With the rapid growth of digital textual data, the need for systematic organization of large datasets has become critical. Topic modeling stands out as an effective approach for analyzing large volumes of text datasets. Neural Topic Models (NTMs) have been developed to overcome the limitations of traditional methods by using contextual embeddings, such as Bidirectional Encoder Representations from Transformers (BERT), to improve topic coherence. Recent advancements in Natural Language Processing (NLP) have further enhanced document processing capabilities through large language models (LLMs) such as LLaMA and the Generative Pre-trained Transformer (GPT). This research explores whether LLM embeddings within NTMs offer better performance compared to conventional models like Sentence-BERT (S-BERT) and DistilBERT. In particular, we examine the impact of text preprocessing on topic modeling. A comparative analysis is conducted using datasets from three domains, evaluating six topic models, including LLMs such as Falcon and LLaMA3, using three evaluation metrics. Results show that while no single model consistently excelled across all metrics, LLaMA3 demonstrated the best performance in coherence among the LLMs. In addition, overall topic modeling performance improved with the application of all six preprocessing techniques. LLaMA3 showed progressively better performance with additional preprocessing, confirming its stability and effectiveness in topic modeling. These findings suggest that LLMs can be reliable tools for topic identification across diverse datasets.

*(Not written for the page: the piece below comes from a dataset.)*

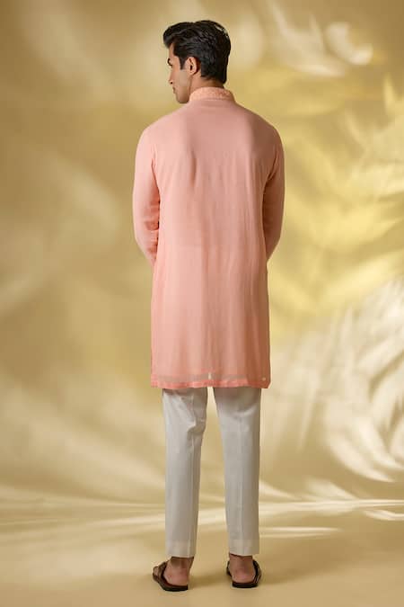 Pale peach kurta featuring intricate thread and sequin work. Paired with matching pale peach pants.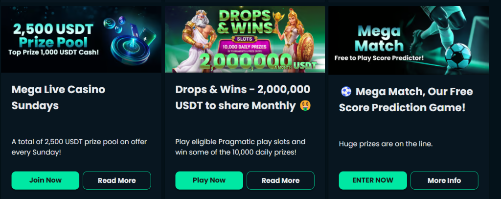 Noví uživatelé mohou využít uvítací bonus až 200 % do hodnoty 10 ETH, 50 zatočení zdarma a volnou sázku. Bonus se uvolňuje postupně, což hráčům umožňuje flexibilnější přístup k jeho využití. Kromě toho platforma nabízí staking vlastního tokenu TGC s atraktivním APY, což ocení především pravidelní uživatelé zapojení do věrnostního (loyalty) programu.

利用法学硕士增强文档嵌入中的主题一致性和多样性:以BERTopic为重点
随着数字文本数据的快速增长,对大型数据集进行系统组织的需求变得至关重要。主题建模是分析大量文本数据集的一种有效方法。神经主题模型(ntm)的发展是为了克服传统方法的局限性,通过使用上下文嵌入,如来自变形金刚的双向编码器表示(BERT),来提高主题一致性。自然语言处理(NLP)的最新进展通过大型语言模型(llm),如LLaMA和生成预训练转换器(GPT),进一步增强了文档处理能力。本研究探讨了与传统模型(如Sentence-BERT (S-BERT)和DistilBERT)相比,ntm中的LLM嵌入是否提供了更好的性能。特别地,我们研究了文本预处理对主题建模的影响。使用三个领域的数据集进行了比较分析,使用三个评估指标评估了六个主题模型,包括Falcon和LLaMA3等法学硕士。结果表明,虽然没有单一模型在所有指标上都表现出色,但LLaMA3在llm之间的一致性方面表现最佳。此外,这六种预处理技术的应用提高了主题建模的整体性能。通过进一步的预处理,LLaMA3的性能逐渐提高,证实了其在主题建模中的稳定性和有效性。这些发现表明llm可以成为跨不同数据集进行主题识别的可靠工具。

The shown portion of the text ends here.